An Application Life Cycle (ALC) is the complete journey of a software application, from its initial idea and planning through development, deployment, maintenance, and eventual retirement, managed through Application Lifecycle Management (ALM) to ensure alignment with business goals and quality standards.
eg:
- Jira is an enterprise-grade ALM tool with features to manage complex application lifecycles.
- Azure DevOps Server (formerly Team Foundation Server - TFS) is a Microsoft tool that we should use to implement ALM, while as mention before it's a part of Visual Studio Team System.
Key Stages
- Development (Build): Writing and coding the software.
- Testing: Verifying functionality, performance, and compliance with requirements (Alpha, Beta testing).
- Deployment: Releasing the application to users (Release Candidate, Production).
- Operation & Maintenance: Monitoring performance, fixing bugs, and providing support.
- Retirement/Decommissioning: Eventually removing the application when it's no longer needed.
SDLC vs ALM
SDLC is primarily focused on the development phase (design, code, test). ALM is concerned with the entire application life cycle. (governance, development, and maintenance)
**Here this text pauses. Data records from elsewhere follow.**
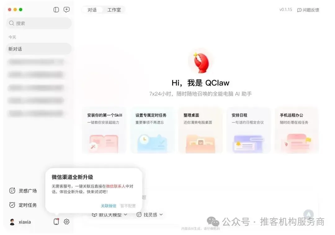 QClaw桌面端(v0.1.15版本)→左下角弹窗→扫码直连
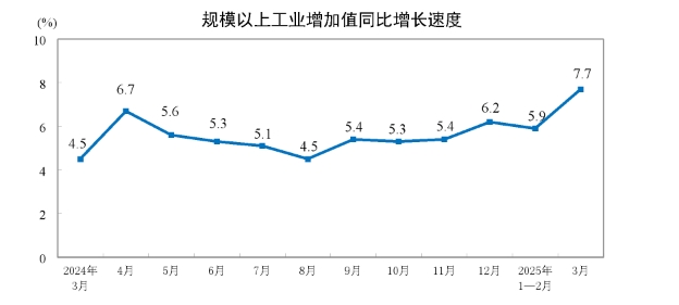 国家统计局公布3月规模以上工业增加值增长7.7%
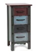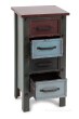 Dřevěná komoda se 4 různobarevnými zásuvkami.

- Project governance is the management framework within which project decisions are made. The accountabilities and responsibilities associated with an organization's BAU activities are laid down in their organizational governance arrangements.
- In software engineering, a software development process is the process of dividing software development work into smaller, parallel or sequential steps or subprocesses to improve design, product management. It is also known as a software development life cycle (SDLC).
- A common perception of maintenance is that it merely involves fixing defects. However, one study indicated that over 80% of maintenance effort is used for non-corrective actions. This perception is perpetuated by users submitting problem reports that in reality are functionality enhancements to the system.
ALM vs PLM
ALM is focused solely on software development and the lifecycle of an application, while PLM encompasses the entire product lifecycle, including design, development, manufacturing, distribution, and service. Complexity – Because PLM covers a broader range of activities, it is typically more complex than ALM.
ALM (Application Lifecycle Management)
- Focus: Software-centric lifecycle (requirements, development, testing, release, maintenance).
- Manages: Software files, source code, test cases, user stories, requirements.
- Industries: Software, IT, any digital product.
- Key Goal: Deliver functional, reliable software efficiently.
PLM (Product Lifecycle Management)
- Focus: Physical product lifecycle (design, engineering, manufacturing, service, disposal).
- Manages: Physical parts, CAD files, Bills of Materials (BOMs), manufacturing specs.
- Industries: Automotive, aerospace, consumer electronics, manufacturing.
- Key Goal: Manage physical product data, quality, and time-to-market.